The PL/D DATA statement takes one of these forms:

     DATA Name v1...vn;      DATA ** v1...vn;

Here, the first form defines Name as the current location counter and allocates v1 through vn to the current through current + (n-1)st starting locations (actually current + 28(n-1), but that's not important to an understanding of this use of the DATA statements). The second form is identical except that it does not define a name.

A neuron in a neural net model typically does something such as summing the values of its dendritic signals or summing all those that exceed some threshold, and there are many variations on this theme. Real neurons often have inhibitory dendrites, whose signals inhibit the signals of other dendrites. Reinhardt has implemented several simple neurons that do things more suited to his immediate tutorial purposes than to modeling the neural processes of the brain. The Netwurkz simulation includes the neurons CON, EQ+, SUM, and MAX.

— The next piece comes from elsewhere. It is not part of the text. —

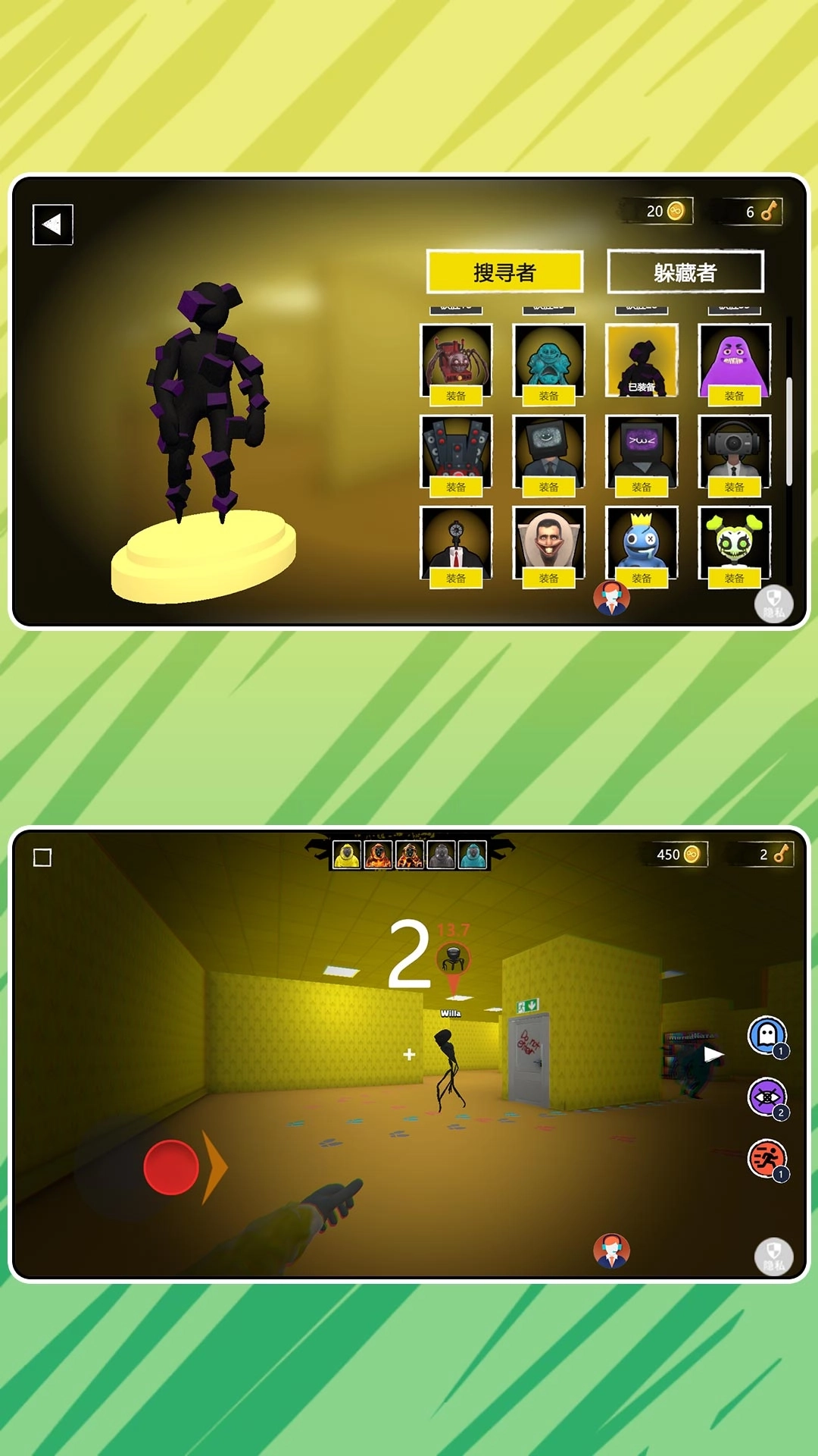 1、以双身份玩法为核心,搜寻者负责追踪目标,躲藏者则需隐匿身形,两种身份的操作逻辑与目标截然不同,玩法具有极强的差异性。
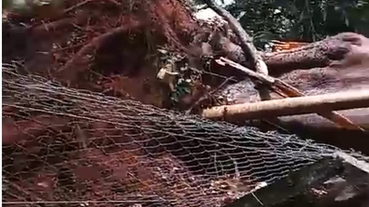 Vídeo gravado pelo vendedor que trabalha no local, mostra que a árvore atingiu em cheio o quiosque. As imagens mostram que a planta também arrebentou a fiação e ocupou toda a rua.

The CON neuron defines a constant. I question its neural reality; it sounds suspiciously like the infamous "grandfather cell." It is used to build a database. Its syntax is:

     DATA Name CON Value;

The EQ + neuron counts the number of exact matches between corresponding a and b inputs. The count is saved in the location reserved by the 0. Its syntax is:

     DATA Name EQ + 0 n a1 b1 ... an bn;

The SUM neuron adds the values of its n inputs a1 through an and stores the sum in the location reserved by the 0. It also stores a pointer to a reference neuron. This business of providing two outputs from the cell is counter to the one-axon rule for real neurons, but Reinhardt says that the same effect could be achieved with one output (or one axon) just by time-sharing the channel between two messages. Its syntax is:

     DATA Name SUM 0 refad n a1 ... an;

The MAX neuron compares its two inputs, placing the larger value and the address of the neuron that provided it in its two reserved spaces-- another two-axon simplification. Its syntax is:

     DATA Name MAX 00 a1 a2;

With these simple neurons, Reinhardt implements an even simpler spelling checker that has a five-word vocabulary and only recognizes four-letter words. Let me try that second constraint again: It recognizes only words of four or fewer letters. Both these constraints are imposed merely to keep the example simple and easy to follow; they are easily relaxed.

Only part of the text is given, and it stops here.